Europe

Assad behind deadly Syrian chemical attack

A French intelligence document shows the Syrian government ordered a deadly nerve gas attack. (AAP)

A French intelligence document shows the Bashar al-Assad Syrian government ordered a deadly nerve gas attack in early April.

The Bashar al-Assad government authorised the deadly nerve gas attack in northern Syria earlier this month, according to French intelligence.

Scores of people were killed in the chemical weapons attack on the town of Khan Sheikhoun, which a declassified report claims bears the signature of the regime.

The six-page document drawn up by France's military and foreign intelligence services analysed samples from the impact and blood from a victim.

"We know, from a certain source, that the process of fabrication of the samples taken is typical of the method developed in Syrian laboratories," Foreign Minister Jean-Marc Ayrault told reporters.

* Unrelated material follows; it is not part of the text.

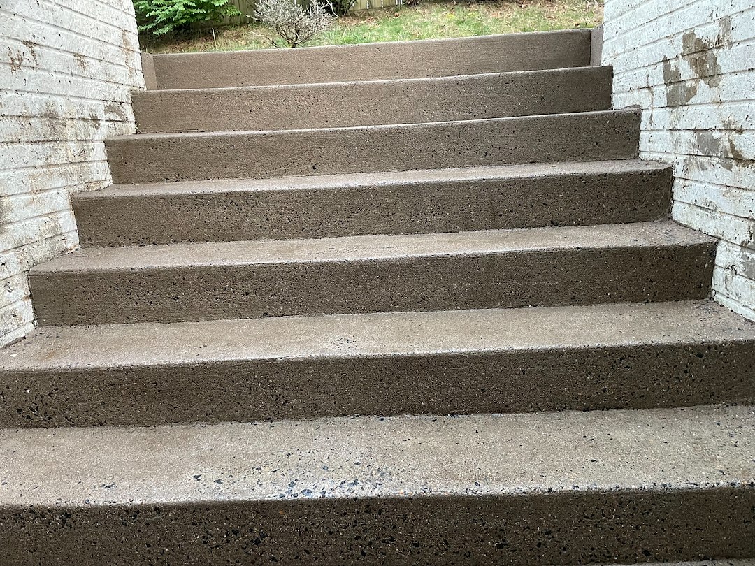We started with the house, applying our eco-friendly algicides and cleaning solutions that work at the molecular level to eliminate growth at its source. Then we turned our attention to the hardscaping, carefully treating the basement walkout entrance, front sidewalk, and curbing with appropriate methods for each surface.

"This method is the signature of the regime and it is what enables us to establish the responsibility of the attack."

Assad or members of his inner circle ordered the strike, the report shows.

In two interviews since April 4, the Syrian President has said evidence of a poison gas attack was false and denied his government had ever used chemical weapons.

The attack prompted the US to launch a cruise missile strike on a Syrian air base, its first deliberate assault on the Assad government in the six-year-old conflict.